AtoZ doesn't understand the give-and-take of relationships. Call them on the emotional burden they've saddled you with, and you're ungrateful and just plain mean. AtoZ will do a lot for you - gifts, errands, lend you money, drive you to an appointment, pick up your grocery order and carry it up the steep, rickety stairs to your apartment, laundry, take your trash out, pick up your mail, even change your oil and make some pricey repairs on your car. But, AtoZ doesn't understand the role of the emotional landscape. AtoZ doesn't even have the capacity to recognize that all the things they do for you fail to cancel out that they don't register you have emotions, and the right to them.

AtoZ will talk their head off about their problems, their turmoil, their stress. Start talking about your bad day, and they'll change the subject. Have two years of accumulated stress and misery, and confront them on their never asking you what's wrong? You're cruel and abusive and how dare you.

True story.

So how relationships are supposed to work is, you're supposed to care about each other. Some days one person will lean a little more on the other, but the times the dynamic is reversed will cancel it out. No one's keeping a scorecard or anything, but you usually have a pretty good idea if one person is all me me me me me me for more than their fair share.

Imagine it like a seesaw. Sometimes your friend will hold your heavy backpack while you play on the seesaw, so you'll get to go flying up in the air when it's your turn to go up. Other times, you'll be the one saddled with all the heavy shit so your friend can feel light and unburdened. Most days, though, you both remember you can put your backpacks down so everyone can have fun.

If one person's always stuck with the work, though, you're not even playing on the seesaw anymore. You're on one of those levers with a moving fulcrum you probably learned about in middle school science. That fulcrum moves closer to the one putting in the effort, which makes it harder and harder for them to get the other person off the ground. Meanwhile, the one who dumped all their shit on their friend is mad the friend isn't getting them in the air like they used to. They don't even understand why their friend is having such a hard time. After all, they're doing it way more easily.

Bit of a tortured metaphor, I know. So let me give an example from my other friendships.

I am chronically late. I have the ADHD time blindness to such a degree, it's a wonder I ever make it anywhere. Things take longer than I anticipate, or I get distracted doing something else, or I have a billion tiny things I forgot to do, and that need to get done before I can leave. Usually it's some combination of all three.

Now, I could make that my friends' problem.
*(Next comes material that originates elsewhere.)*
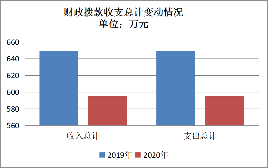 2020年财政拨款收、支总计595.14万元。与2019年相比,财政拨款收、支总计各减少54.03万元,下降8.32%。主要变动原因是:按照厉行节约的要求,一是2020年较2019年,减少了基本工资和绩效工资;二是我院2020年“过紧日子”原则,进一步厉行节约,压减了公用经费支出。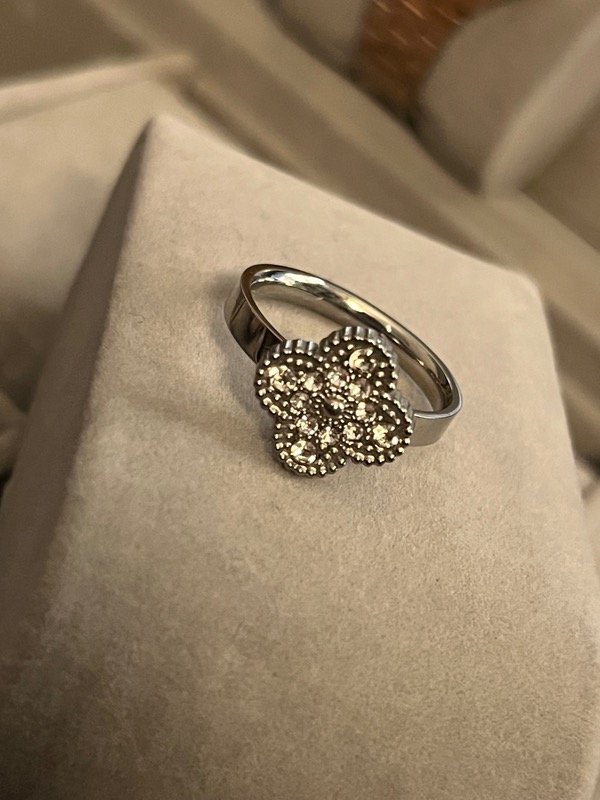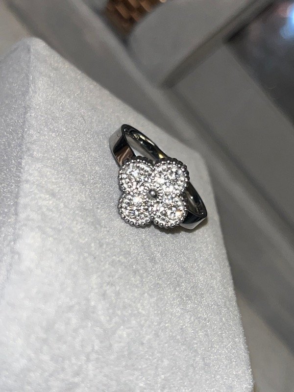 Anillo trébol pave oro blanco

More of a problem than it already is, anyway. I could be one of those assholes building my identity around making other people wait for me. I could demand nothing starts without me and that everyone adjust to my fucked up sense of time. Or lack thereof.

I don't do that. Instead, I make sure my friends understand it's nothing personal, it's not on purpose, and that I'm eager to see them. I make sure they know it's not a reflection of my desire to hang out. I ask that they start without me when I'm late, whenever possible, and I do my best to catch up without disrupting things when I do get there. I also take great pains to allow myself more time, plan better, and factor in delays. If a friend tells me a different start time than everyone else just so I'll be on time, I don't take it personally. It's actually a huge relief, to find out you're early when you thought you were late. I recommend the feeling to anyone. For things like show start times or transportation departure, where it's that much more important I get there on time, I write it down in my calendar as an earlier time.

AtoZ has literally no understanding of the concept. To them, leaning heavily on me is to be expected, because they're stressed and struggling and life is hard, dammit. It never seems to occur to them that I might be just as stressed or struggling just as much, if not more. They're not there to support me, they're there to get their needs met. And they don't want to hear that I, too, have needs. They don't understand, and react with such defensiveness when I try to convey, that all their good deeds don't make up for asking me to neglect my own emotional landscape for theirs.